A Showcase Of New Czech Cinema
Written by: FFT Webmaster | September 8th, 2009
Each year, FESTROIA shines its spotlight on a different film producing country. This year, it is the turn of the Czech Republic, which has been at the forefront of international filmmaking since its celebrated heyday in the 1960s. One of its best known films of that era, CLOSELY WATCHED TRAINS by Jiri Menzel was screened here on Sunday evening, with the 76-year-old director in attendance. A gentle satire on Czech life during the Nazi occupation, the film won the Oscar in 1967 as Best Foreign Film.
A more recent classic that also won the Oscar is KOLYA, by director Jan Sverak. The film is the second in a trilogy that explores the subtleties of modern Czech life, focusing on the relationship between a concert cellist and the five-year-old son of his Russian lover. Sverak’s third film in the trilogy EMPTIES won the Gold Dolphin award for best film last year at FESTROIA.
There are innumerable stories to be told of the harsh life under Nazi occupation for Czech film artists. Among the best of the lot is DIVIDED WE FALL, a powerful drama by Jan Hrebejk that was released to great acclaim in 2000. The film is set in a small town with a childless couple who offers refuge to the Jewish son of their former employer. What everyone involved is called to do for simple survival gives the film its power and its anti-war sentiment.

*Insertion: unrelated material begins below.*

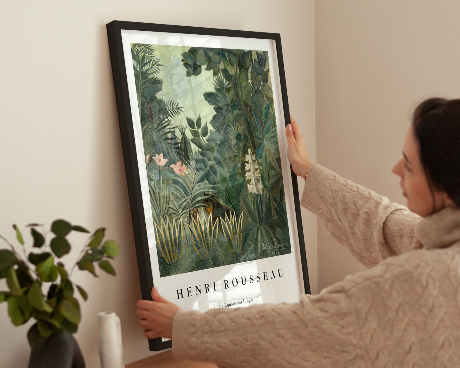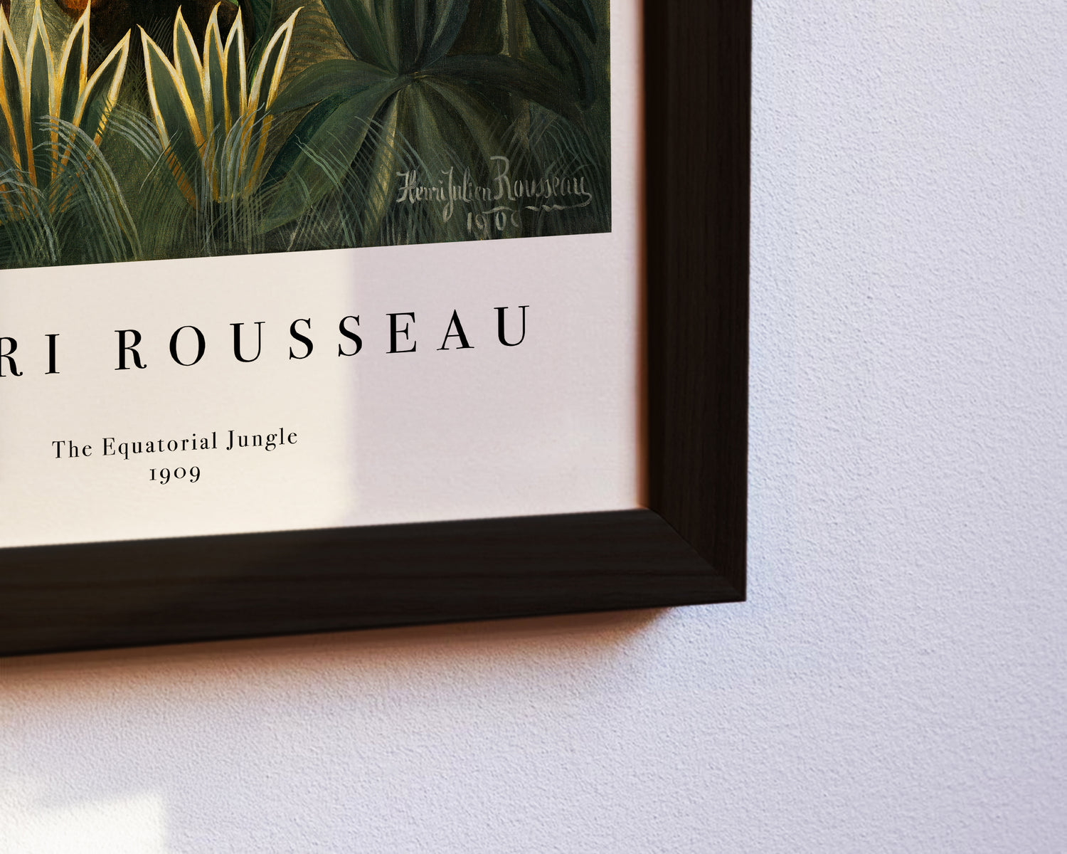 Henri Rousseau Gemälde: „The Equatorial Jungle“ (1909), ein Werk des Naiver Primitivismus. Ursprünglich von Henri Rousseau gemalt. Entdecke mehr von seiner Kunst in unserer Kategorie Berühmte Kunstwerke. Künstler: Henri Rousseau

Two more recent films round out the Czech tribute. In VACLAV by Jiri Vejdelek, a story of post-Communist Czechoslovakia emerges that echoes the films of the 1960s by such masters as Milos Forman, Ivan Passer and Jiri Menzel. Based on true events that took place when President Vaclav Havel offered a vast amnesty, the film focuses on another man named Vaclav who lives in a small village and whose autism makes him the town’s local fool, much despised and degraded by the townspeople. When he is forced into a mental institution, his enterprising mother and scheming brother must convince the locals to sign a petition to get him included in the amnesty list….a task that tests the mettle of everyone involved. The film was chosen as the Opening Night Gala here.

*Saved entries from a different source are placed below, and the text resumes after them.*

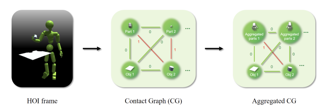 给定一个HOI帧,接触图节点包含所有身体部位和物体。每条边都是一个二元接触标签,表示接触与否。为了简化计算,还可以将多个身体部位聚合到一个节点中,形成聚合接触图。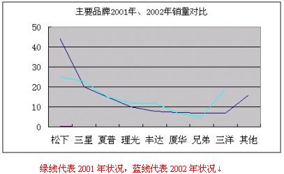 2001年各大品牌市场销量和市场占有率状况对比如下: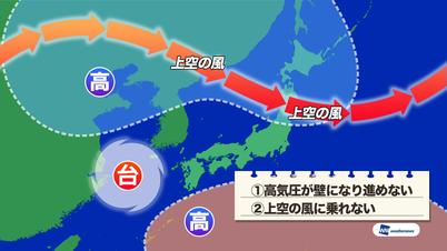 停滞の理由は高気圧の壁と偏西風に乗れないからです。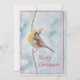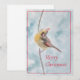 ¡Este cardenal muy especial está aquí para desearles a ustedes y a los suyos una Feliz Navidad! Encanta a tu familia y amigos con esta pintura original de Kathryn Paul de un pájaro juguetón que dice "¡mírame!" Es una cardenal hembra aferrándose a una rama mientras la nieve cae a su alrededor.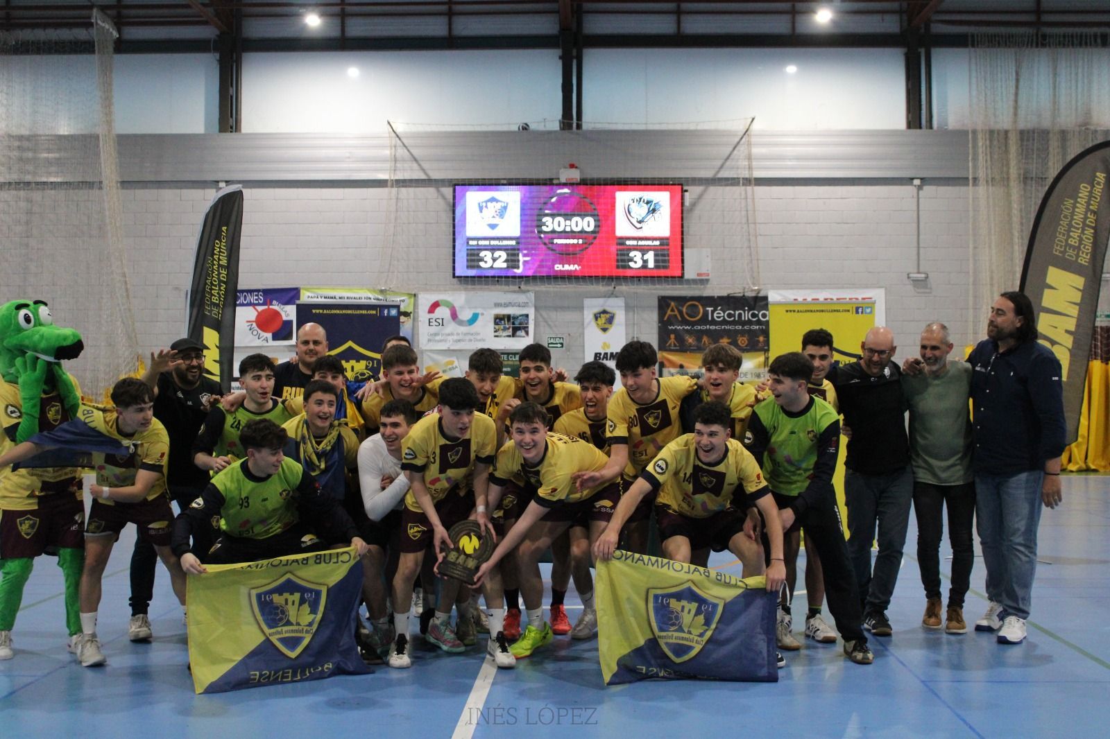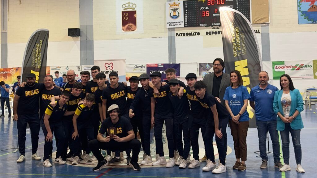 La fase final del campeonato se daba cita en el pabellón Juan Valera de Bullas, dónde los cuatro mejores equipos disputaban las semifinales el sábado. La primera semifinal enfrentaba a nuestros chicos contra Mostacho Maristas Ademur, en una montaña rusa de emociones y vaivenes en el marcador. El partido comenzó con un mal arranque de nuestro equipo, que notó la presión de jugar en casa y tener que conseguir la victoria. El equipo murciano poco a poco lograba imponer su juego y lograr una ventaja en el marcador de hasta cuatro goles que sería de tres al descanso. Los nuestros mostraron otra cara en la segunda parte y lograban dar la vuelta al encuentro en los primeros diez minutos, pero ambos equipos seguían luchando y dando un gran espectáculo a la grada abarrotada del Juan Valera. Dos estilos diferentes de juego que hacía que la igualdad fuera continua, y así se llegaba con empate a 25. Diez minutos más esperaban por delante, alargando el emocionante espectáculo que daban ambos conjuntos. En la prórroga, los primeros cinco minutos el club murciano sacaba una renta de dos goles, los cuales aumentarían en la segunda parte hasta tres a falta de dos minutos y medio. En ese momento los nuestros, empujados por la afición comenzaron a remontar y lograr el empate a falta de pocos segundo. Ambos equipos dispusieron de jugada para llevarse el encuentro pero llegamos a la tanda de siete metros, y todo por decidir. La tanda empezó con emoción, ya que en los dos primeros lanzamientos cada equipo falló un lanzamiento. Al terminar la primera tanda de cinco lanzamientos el empate seguía en el marcador, fue hasta el lanzamiento número ocho, cuando el fallo del jugador de Ademur, nos dio el pase a la final. En la otra semifinal entre Primaflor Balonmano Águilas y Club Maristas Cartagena, comenzó con un arranque arrollador de los aguileños, que lograban una rápida ventaja en el marcador de hasta siete goles, pero los cartageneros no bajaron los brazos y recortaban hasta tres goles la diferencia al descanso. En la segunda mitad la diferencia se mantenía hasta que un último esfuerzo de los de Cartagena lograban empatar el partido a falta de diez minutos. La defensa abierta y el desgaste en el esfuerzo de ir detrás del marcador, hizo mella en los chicos de Maristas y Águilas poco a poco se volvía a marchar en el marcador, hasta lograr la victoria por 37 a 33. Y sin apenas 24 horas de recuperación para nuestros corazones, volvía la emoción al pabellón Juan Valera. La tarde comenzó con la final por el tercer y cuarto puesto, donde Club Balonmano Maristas no dio opción a Mostacho Maristas Ademur, y logró la victoria 38 a 33, en un partido donde se notó el desgaste del día anterior. Por último, era la hora del plato fuerte de la tarde, la final que vienen regalando estas dos generaciones desde alevines. Desde esa final se han vuelto a ver en la final infantil y cadete, y era el turno de la juvenil. El pabellón repleto de afición estaba preparada para vivir una tarde del mejor balonmano, y no defraudó. La final comenzaba con igualdad hasta el minuto 10, dónde el equipo de Águilas lograba una renta de tres goles. La cantidad de precipitaciones de los chicos de Bullas y la rapidez en la contra de Águilas hacía que la diferencia a falta de cinco minutos para el descanso fuera de nueve tantos. La grada seguía animando y creyendo en el equipo y en cinco minutos el equipo logró no encajar y bajar la diferencia hasta los cinco goles. La ventaja era considerable al inicio de la segunda mitad, pero la fe del equipo y de la grada seguía poco a poco bajando la diferencia en el marcador, con rachas de ambos equipos la distancia ahora era de tres goles a falta de diez minutos. Ambos equipos seguían dándolo todo en la pista y ofreciendo un gran espectáculo a la grada abarrotada del Juan Valera. Llegaba el tramo final del partido, partido que nuestro equipo estuvo detrás en el marcador, pero en el minuto 28, Juanmi lograba el gol que nos ponía uno arriba a falta de dos minutos. Rápidamente a través de Ginés, Águilas empataba nuevamente el partido. Un nuevo ataque se precedía para Bullas, después de varios golpes francos, Marcos sacaba para Ismael en el lateral derecho, el pase a Juanmi en el centro, que devolvía a Ismael y hacía llegar el balón a Iván Valera, que desde el extremo derecho, lograba meter el gol que nos volvía poner por delante de la final. Ahora tocaba defender el ataque de Águilas que tenía cincuenta segundo por delante para buscar el empate. El ataque comenzaba con la entrada por la zona central con parada de David, pero con golpe franco en la zona defendida por Iván Martínez y Fabio Martínez. El equipo atacante insistía en esa zona con sus lanzadores, pero volvía a encontrarse con David y nuestra defensa, después de dos golpes francos, se produjo el último lanzamiento que detuvo David a falta de tres segundos y con ello, el final del partido y el éxtasis en la pista y la grada. Llegó el título de campeones de la Región de Murcia, en una de las fases finales más igualadas y emocionantes de los últimos años, en casa con nuestra afición que fue el jugador número ocho que nunca dejó de creer. Un broche de oro para la generación del 2007/2008, que cierran una etapa formativa con este título para la historia del club. La entrega de trofeos tuvo la presencia de Alfonso Sánchez, Concejal de Deportes del Ayuntamiento de Bullas y Daniel Santos, Presidente de la Federación de Balonmano de la Región de Murcia. Y una vez alzado el trofeo la fiesta de la grada se trasladó a la pista, donde todas esas generaciones que se quedaron a las puertas, celebraron este título como suyo y la celebración de todo el club y todo el pueblo de Bullas.

The theme is more grotesque in the historical drama BATHORY, based on the real-life story of Countess Elizabeth Bathory whose infamous cruelty is the stuff of legend. Indulging her privilege with the torture and draining of blood of young women as a way of keeping herself youthful, this 16th century “vampire” is listed in the Guinness Book of Records as the great murderess in the history of mankind. Director Juraj Jakubisko looks beyond the myth to uncover the realities of the court where Bathory is vilified as being richer than the king and that the legend of her cruelty was conspired to vilify her and contain her influence. With a lush attention to period detail, the film is the most expensive production to date in Central European history and has been a considerable box office hit in Czech and Slovak theaters.
Czech films are also prominent in the other Festival sections. In the Official Competition, the lone Czech entry is GUARD NUMBER 7 by Filip Renc. Based on a celebrated novel of the 1930s, the film tells the tale of Josef Dousa, a railway guard who returns to his native village after World War I, hoping to forget the horrors of war in his job as a railway guard and in the secure relationship of his young wife. When he saves a man from suicide and invites him into his home, he becomes witness to the growing attraction between his wife and the stranger. The film illustrates all the great themes of the novel….love, passion, death and ultimate punishment.
Competing in the First Works section, OPERATION DANUBE by Jacek Glomb brings us back to the days of the summer of 1968, when Warsaw Pact armies were ordered by the Soviet Union to crush the “Prague spring”. When one Polish battalion gets stuck in a small Czech village, unexpected relationships arise that make it clear that both the Poles and Czechs suffer under the same great master. The film is based on a stage play the director mounted in Poland in 2006, which he adapted for the big screen.
Festival goers here at FESTROIA have an opportunity to sample an interesting mix of films from the Czech Republic, which continues to mine its specific history to produce films of universal appeal and interest.